Once you see this, a lot of confusing things about financial services start to make sense. If you have $100,000 in deposits, the bank uses your balance as cheap funding — lending it out, buying short-term securities, earning meaningfully more than the 0–3.5% they pay you. You're profitable just by existing. The bank doesn't need to do anything else to you. This is why wealthy customers get fee waivers and humans who answer the phone. The math works.
If you have $800, the spread is maybe a few dozen dollars a year. The math doesn't work to their liking. So banks invented a different game.
Overdraft fees. Maintenance fees. Minimum balance fees. ATM fees. The stated justification is that small accounts cost money to service. This is technically true and mostly irrelevant. Processing a direct deposit costs very little. Running a debit card costs very little per swipe. What you're actually paying for is everything else — the marble lobbies, the private bankers for clients on the other side of the line, decades of accumulated technical debt, executive compensation packages. Banks could run leaner. The technology to make basic accounts nearly free to operate has existed for a long time. Fees cover the inefficiency, so there's no particular pressure to eliminate it.
What this produces is a price schedule that looks strange if you think about it too directly.
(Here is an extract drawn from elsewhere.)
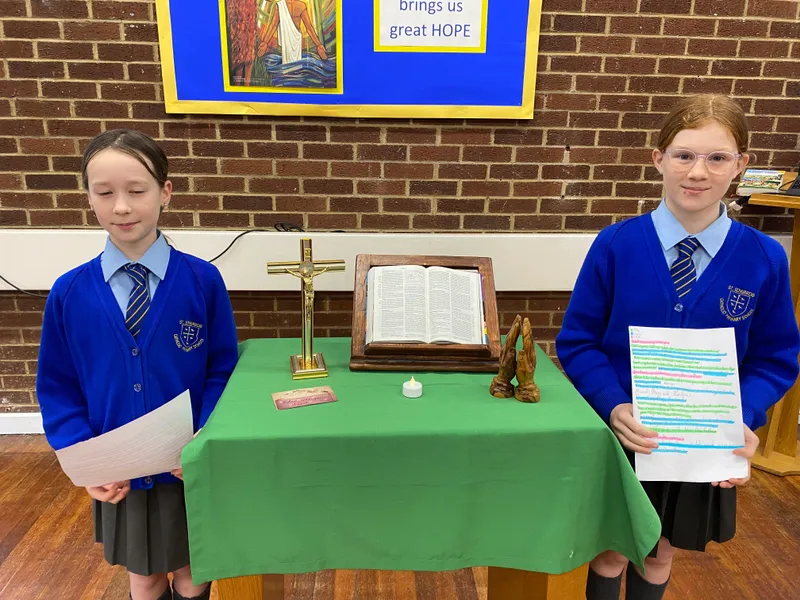 Y6 Pupils lead whole school prayers: Some of our Faith in Action pupils plan and lead Whole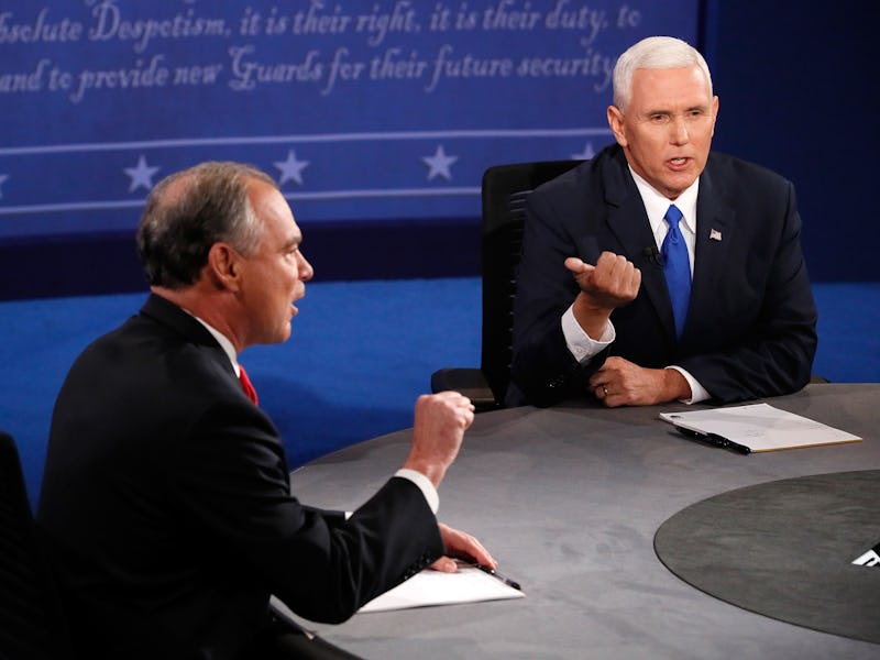 The first and, mercifully, only vice presidential debate took place on Tuesday night, and for while it looked like Democratic candidate Tim Kaine and Republican Mike Pence were going to repeat the first presidential debate’s discussion of cyber war. But, instead, Pence quickly pivoted to Hillary Clinton’s private email server.

A $35 overdraft fee is about 0.003% of a millionaire's balance. It's 4% of an $800 paycheck. The same mistake. Wildly different consequence.
In 2023, the banking industry collected $5.3 billion in overdraft and insufficient funds fees. The distribution of that number is worth sitting with: a small minority of lower-income customers pay roughly 90% of those fees. This isn't a system that occasionally produces inequitable outcomes. It's a system that requires them.
The reason it persists is less dramatic than it sounds. It's not illegal — bank lobbyists work to keep it that way — and the cultural framing does a lot of work. Overdraft fees feel like consequences of individual choices rather than penalties for having no margin. We don't apply this logic consistently. When a wealthy person's assistant botches a wire transfer, nobody suggests they deserved to lose money. When banks make catastrophic, systemic mistakes, the response is bailouts. But somewhere in the distance between those cases and a $35 fee on a $12 overdraft, personal responsibility becomes the operative frame.
For a long time, this was treated as a structural reality rather than a design choice. Small accounts were "unprofitable." The fees were the cost of serving them. Then, in the last decade, a handful of neobanks found a way around it.
The mechanism is interchange. Every time you swipe a debit card, the merchant pays a processing fee. A slice of that fee flows to whoever issued the card. Small per transaction, but it accumulates. If enough people spend on your cards, you can build a business entirely on that revenue stream — without touching customer balances, without punishing their mistakes. I spent three years at Chime and watched this work directly. We served customers who had been habituated to being charged by their bank for the act of being poor, and made money without doing that. It was a principled approach facilitated by new technology, so Chime's model didn't require regressive fees.
Not every neobank got this right. Some found ways to reintroduce fees under different names, or layered predatory credit products on top of the free checking. The interchange model has its own distortions (more on this later). But it demonstrated something the old arguments couldn't survive: the "unprofitable customer" was always a choice, not a constraint.
The banks that said otherwise were lying, or had convinced themselves of something convenient. Those tend to look the same from the outside.
The system that charges poor customers more for basic services isn't a natural feature of finance. It's what you get when the people designing the product aren't the ones paying the fees. Change that alignment and the product changes. Not always, and not automatically, but the incentives run in a different direction.